実家暮らしの恋 Vol.5

「あなたはどうしたいの?」両親に依存していた28歳女に突き付けられた、“自立”への問いかけ

東京で1人暮らしを始める際、家賃の高さに目を疑う人も多いのではないだろうか?

特に23区の人気エリアでは、狭い1Kでも10万円を超えることはザラ。まだ収入の低い20代の若者たちの中には、“実家暮らし”を選択する者も少なくない。

家賃がかからない分可処分所得が多くなり、その分自分の好きなことにお金を使えることは、大きなメリットだ。

大手総合商社で働く一ノ瀬遥(28)もそのうちの一人。

仕事は完璧、また収入の大半をファッションや美容に投資できる彼女はいつも隙なく美しく、皆の憧れの的。
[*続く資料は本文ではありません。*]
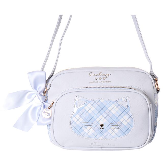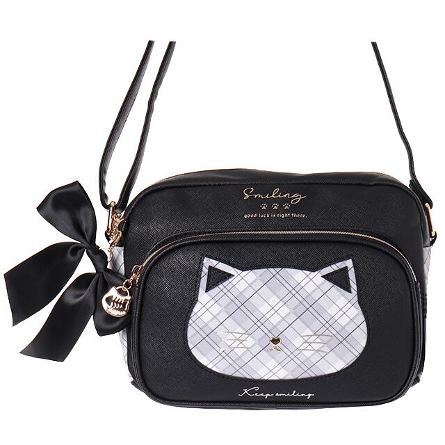 【C24161】Coboca+合皮チェックネコ窓リボン付ショルダー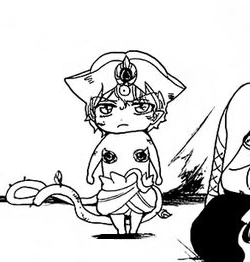 Fake Zagan first appears playing a music behind the giant bear, who encountered Alibaba Saluja, Aladdin, Morgiana and Hakuryuu Ren. He makes the monster much more aggressive.[1] Later, when Alibaba promises Tiare that they will successfully leave the Dungeon, Zagan appears on a leaf, which is located much higher than the group, saying that he will not let them. He the pats the head of his monsters and asks if they're alright. He then addresses the group, telling them to do him a favor and not bully his little bears. As he says that, he welcomes them to his stylish Dungeon and introduces himself as the 61st Djinn, Zagan. He picks up Tiare and realizes that she's only an ordinary girl from the village whom he didn't bring there. When Hakuryuu orders him to stop, Zagan licks Tiare's face. He turns her upside down and wonders where is she the most delicious.[2]

最近は新しい彼氏もでき、全てが順風満帆…のはずだったが!?

お互いが実家暮らしであることにショックを受けた遥と圭介。圭介が彼女との時間を作ろうと前向きに考えているのも知らず、遥は彼と外でしか会えないことや実家暮らしの現実に違和感を覚え、遂に「一緒に住みたい」と泣きだしてしまうが…


圭介の決心


「…やっぱり、圭介と一緒に住みたいの…」

遥の涙がおさまるのを待つ間に、長い間揺らいでいた圭介の決心は固まっていった。

遥はいつも楽しそうで、自分にとっておきの笑顔を向けてくれる。しかし、圭介は彼女の変化に段々と気付き始めていた。

地下鉄の反対ホームで手を振ったあと遠くを見つめていたり、スーパーの袋を提げたカップルとすれ違う瞬間、気もそぞろに一生懸命話していたはずの話題を止めてしまうこともあった。

またソファを選んだあの日、「親父のプレゼント」と言ったあとの寂しそうにしていた表情も、見逃さなかった。

遥の、もっと一緒の時間を過ごしたいという思いは痛いほど感じており、その解決策をここ最近ずっと考えていたのだった。

圭介は、予約していた『日本料理 炭火焼 いふう』の扉を開ける。「上でもいいですか?」と言うと、店員は快く3階のテーブル席に通してくれた。

「…圭介、さっきはごめんなさい。私、取り乱しちゃって…。」

遥は申し訳なさそうに下を向いたあと、もじもじと周囲を気にする素振りをする。圭介の馴染みの店で、自分が浮かない顔をしているのは悪い、という心遣いが見て取れた。

―早く、言おう。彼女より先に。

運ばれてきたビールで唇を潤し、圭介は意を決する。

「遥、ちょっと、こっちに」

遥の耳元に自分の口を近づける。遥も少し身を乗り出し、ふたりは囁き合う距離になった。

「俺たち、一緒に住もう。」

そう遥の耳元で囁き、少し顔を離して微笑む。遥の大きな瞳には、圭介だけが映っていた。